Item 5.07 Submission of Matters to a Vote of Security Holders
Pinnacle Financial Partners, Inc., a Tennessee corporation (the "Company") held its 2023 Annual Meeting of Shareholders (the "Annual Meeting") on April 18, 2023. At the Annual Meeting, Abney S. Boxley, III, Charles E. Brock, Renda J. Burkhart, Gregory L. Burns, Richard D. Callicutt, II, Thomas C. Farnsworth, III, Joseph C. Galante, Glenda Baskin Glover, David B. Ingram, Decosta E. Jenkins, Robert A. McCabe, Jr., G. Kennedy Thompson and M. Terry Turner were elected as directors of the Company to hold office for a term of one year and until their successors are duly elected and qualified.
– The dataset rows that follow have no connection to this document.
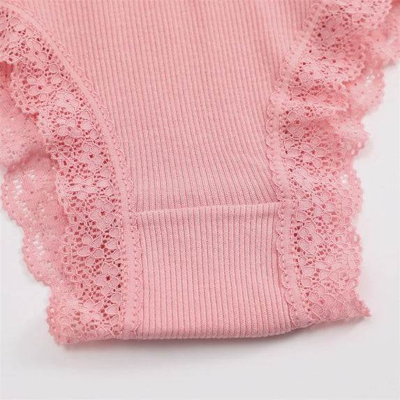 3PCS/Set Women Cotton Panties Sexy Low Rise Lace Brazilian Panties Hollow Out Soft Breathable Lingerie Female Bow Underwear S-XL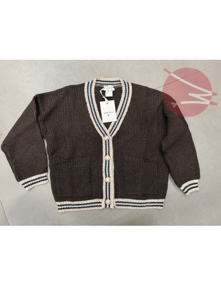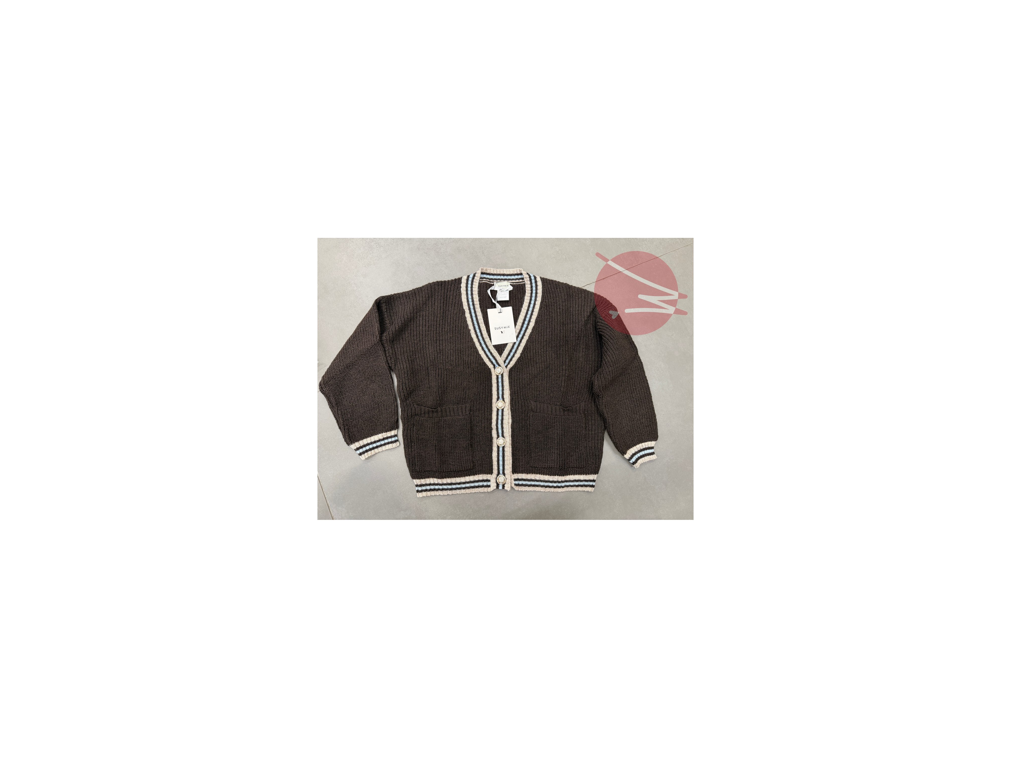 Cardigan corto a coste inglesi, con taschini davanti, scollo a v tricolore a contrasto, con bottoncini effetto metallo.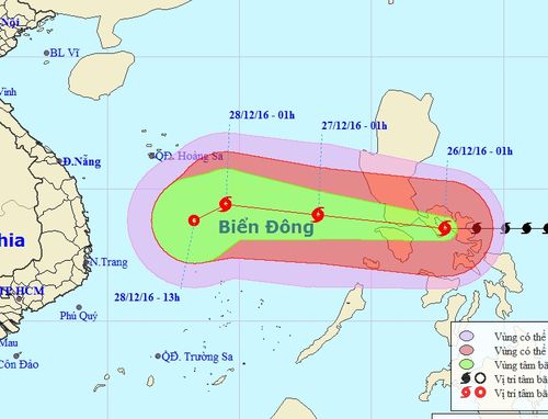 Dự báo trong 24 giờ tới, bão di chuyển theo hướng Tây, mỗi giờ đi được khoảng 20km. Đến 01 giờ ngày 27/12, vị trí tâm bão ở vào khoảng 14,0 độ Vĩ Bắc; 118,0 độ Kinh Đông, trên vùng biển phía Đông khu vực giữa Biển Đông. Sức gió mạnh nhất ở vùng gần tâm bão mạnh cấp 12 (tức là khoảng từ 120 đến 135km một giờ), giật cấp 13-14.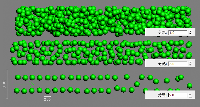 为了加快测试粒子重叠的速度,操作符将不考虑粒子图形或方向。通过与现有粒子的最短距离(分离)来定义重叠条件。如果操作符确定新粒子将与现有粒子重叠,则可以延迟新粒子的出生。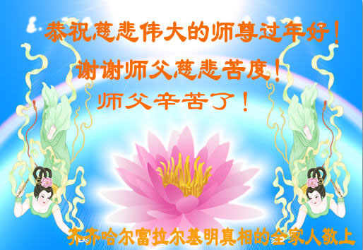 【明慧网二零一四年一月三十日】 黑龙江省齐齐哈尔市富拉尔基区明真相的全家人恭祝慈悲伟大的师尊过年好!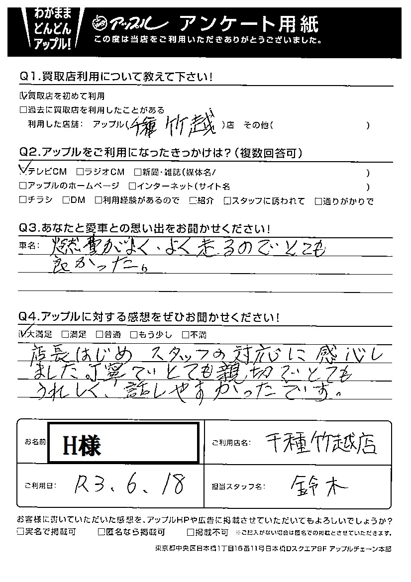 丁寧でとても親切でとてもうれしく、話しやすかったです。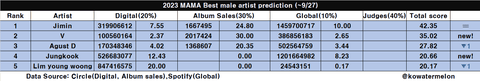 마마 남자 솔로가수상 - 지민 유력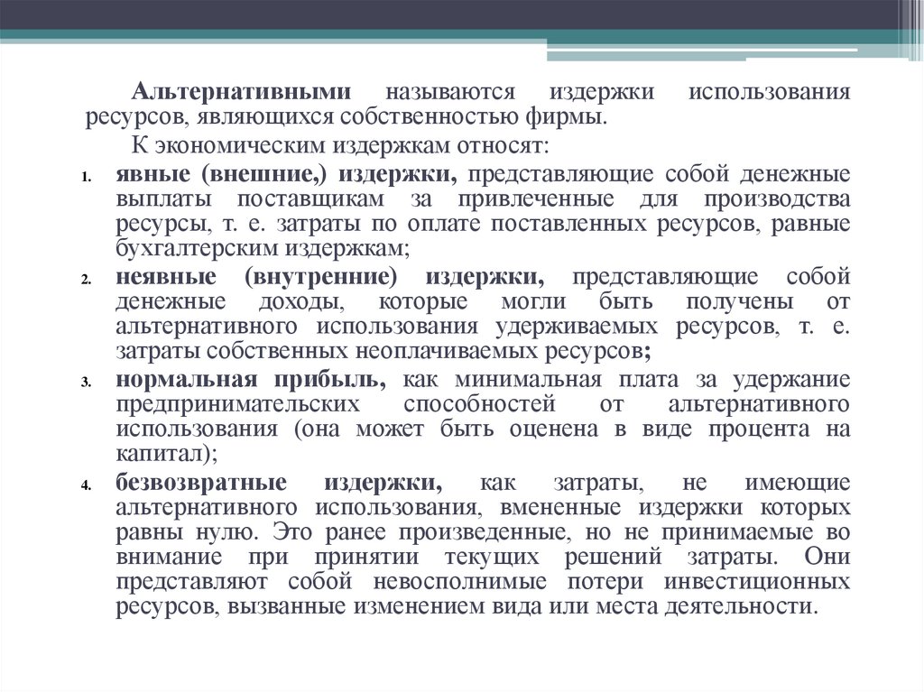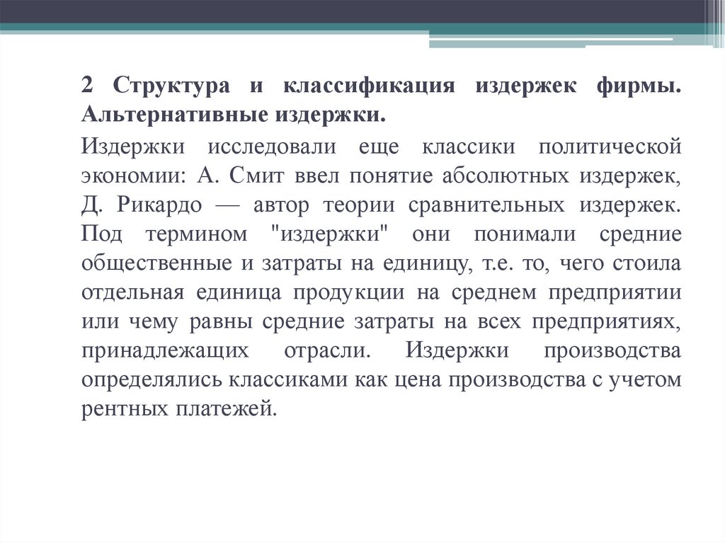 2 Структура и классификация издержек фирмы.Альтернативные издержки.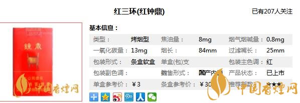 紅鐘鼎香煙參數信息

In addition, at the Annual Meeting, the shareholders (i) ratified the appointment of Crowe LLP as the Company's independent registered public accounting firm for the fiscal year ending December 31, 2023, (ii) approved, on a non-binding, advisory basis, the compensation of the Company's named executive officers as disclosed in the Company's Definitive Proxy Statement on Schedule 14A, filed with the Securities and Exchange Commission on March 9, 2023 (the "Proxy Statement"), and (iii) on a non-binding, advisory basis, recommended the option of every year for the frequency with which the Company should hold future non-binding, advisory votes on the compensation of the Company's named executive officers.
The final voting results of the director elections, ratification of the appointment of Crowe LLP as the Company's independent registered public accounting firm for the fiscal year ending December 31, 2023, the non-binding, advisory approval of compensation for the Company's named executive officers, and recommendation of the frequency of future non-binding, advisory votes on the compensation of the Company's named executive officers, which were described in more detail in the Proxy Statement, are set forth below.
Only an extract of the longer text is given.